> [Records provided]
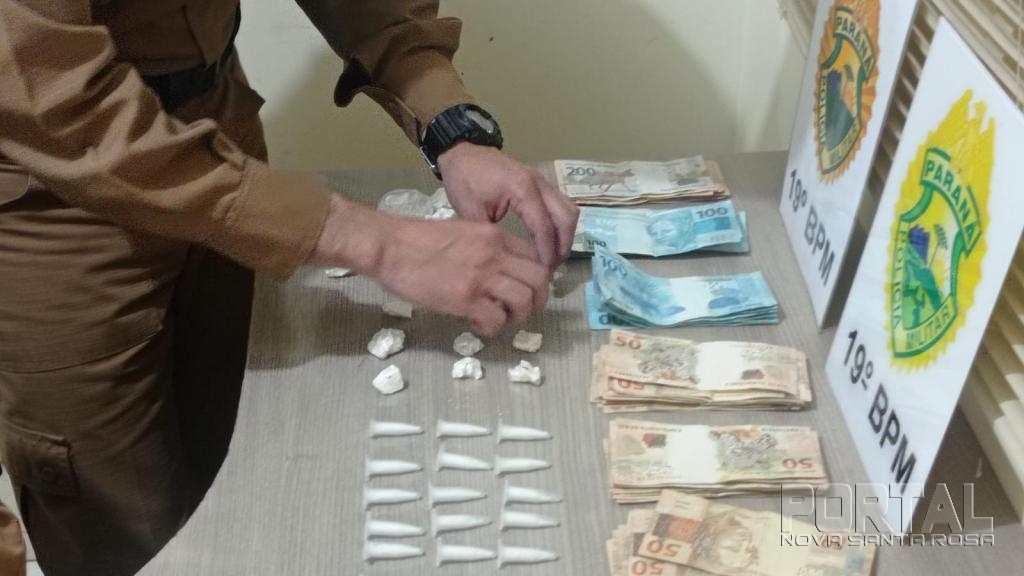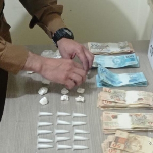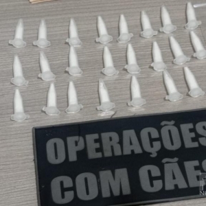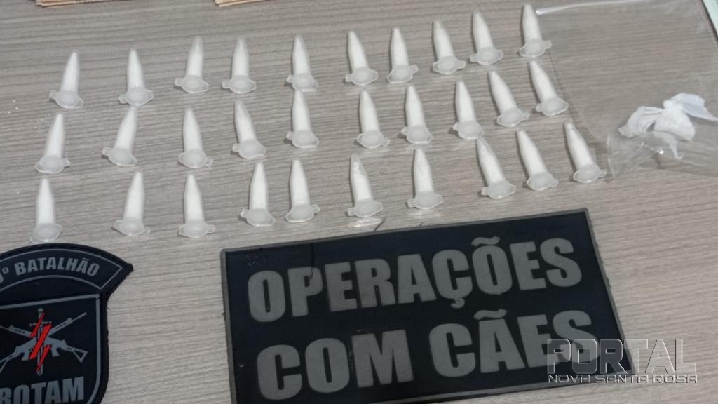 Com apoio do cão de faro, Boris, foram feitas buscas na residência, onde foram encontrados 30 pinos de cocaína pesando aproximadamente 59 gramas em um armário da cozinha.
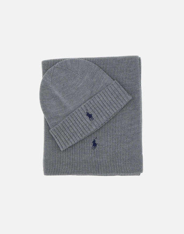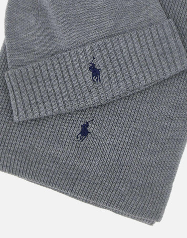 Polo Ralph Lauren "Classics" men's wool hat and scarf set, grey, ribbed weave, contrasting color embroidered logo, width 25cm, length 180cm.
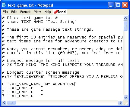 One of the files under your MyAdventure directory contains a big list of text strings that are used in the adventure. If you open the file DB2ACK/Adventures/MyAdventure/lists/text_game.txt in a text editor, you should see one of the first text strings in that list is "SAMPLE ADVENTURE". Change this to read "MY ADVENTURE". Note that by convention, we always use capital letters for text in the game because the Dragon Bane II font looks much better with all capital letters. Be careful not to change anything else in the file before saving your change.
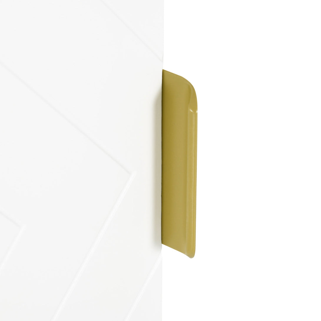 - Simple white design, with embossed doors and gold-colour accents
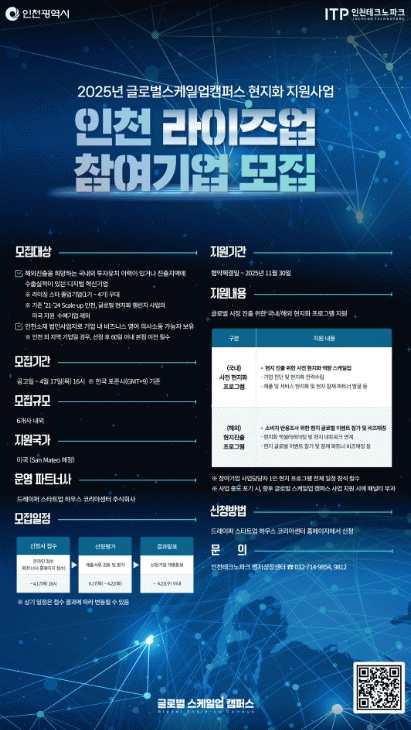 [»çȸ] ÀÎõTP, ¡®ÀÎõ ¶óÀÌÁî¾÷¡¯ ¹Ì±¹ ÁøÃâ ÇÁ·Î±×·¥ Âü¿©±â¾÷ ¸ðÁý |2025. 04.08

> [About this exercise]
Reproduce exactly the lines above from the one with "- Simple white" through the last line of the data, keeping both ends and dropping the pictures.

> [The answer]
 - Simple white design, with embossed doors and gold-colour accents
 [»çȸ] ÀÎõTP, ¡®ÀÎõ ¶óÀÌÁî¾÷¡¯ ¹Ì±¹ ÁøÃâ ÇÁ·Î±×·¥ Âü¿©±â¾÷ ¸ðÁý |2025. 04.08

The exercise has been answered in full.